Abstract
Background
Parkinson's disease (PD) is the second most common neurodegenerative disorder after Alzheimer's disease (AD), effecting ∼ 6 million individuals world-wide. Although clinically characterised by motor dysfunction, psychiatric symptoms and cognitive impairment are observed in 30-50% of PD patients. These non-motor symptoms have significant impact on patient well-being and are associated with a faster increase in disease severity over time. PD is itself significantly heritable and polygenic, with 90 independent risk loci identified in genome-wide analysis. As such, genetically informed approaches such as polygenic risk scores (PRS) may help us better understand the underlying biological contribution to psychiatric and cognitive outcomes in PD. Transcriptional risk scores (TRS) – the sum of an individuals observed gene expression weighted by their Z-score from transcriptome-wide association analysis (TWAS) – offer a complementary approach to PRS, having shown predictive utility in previous studies of AD, amyotrophic lateral sclerosis (ALS) and Crohn's disease.
Methods
Following TWAS, we calculated PRS and TRS for AD, depression (DEP), PD and schizophrenia (SCZ) in the Parkinson's Progression Markers Initiative (PPMI) (Ncases = 431; Ncontrols = 161) and tested their association with PD-related (case/control status, age of onset, overall PD severity), psychiatric (depression, anxiety, apathy and hallucinations) and cognitive outcomes (overall cognitive impairment, working memory, processing speed, verbal learning, visuospatial ability).
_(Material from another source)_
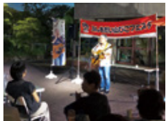
ふしおだい山びこフェスタ

まちににぎわいを創出したいと始めた「ふしおだい山びこフェスタ」は現在、年に4回ほど開催していて、もう40回を超えました。コミプラや旧伏尾台小学校「はぐのさと」を会場に、落語家やミュージシャンの方をお招きしてライブを行っています。子どもも大人もみんな笑顔です。

Associations with these outcomes were assessed at baseline and longitudinally, extracting individual random slopes for each outcome across up to ten years of follow-up using mixed-effects models. Analyses were restricted to cases-only except for case/control status. An FDR correction was applied to results correcting for 176 tests (pFDR ≤ 0.05).
Results
Both PRS and TRS for PD were significantly associated with PD case/control status, although the association was stronger for the PRS (R2 = 0.17 vs. 0.015, pFDR = 7.40e-16 vs. 0.038). Higher DEP-PRS was significantly associated with higher anxiety (pFDR = 0.031) and depression (pFDR = 0.046) in PD cases at baseline, while higher PD and AD TRS were associated with hallucinations (pFDR = 0.046 and 0.031 respectively). Higher SCZ-PRS was associated with a faster increase in PD severity over time (pFDR = 0.031). No associations were observed for the longitudinal slopes of psychiatric outcomes. However, significant associations were identified between higher levels of all TRS and faster cognitive decline across multiple domains, including overall cognitive impairment (pFDR range: 0.033-0.001). No such associations were observed for the PRS, highlighting the utility of TRS in risk prediction.
Discussion
Findings suggest that transcriptional risk scores can be applied to help us better understand the way disease-related biological risk influences psychiatric and cognitive outcomes in PD. Forthcoming analyses will seek to disaggregate transcriptional scores to identify significant gene-sets driving associations, with a particular focus on TRS associated with cognitive decline.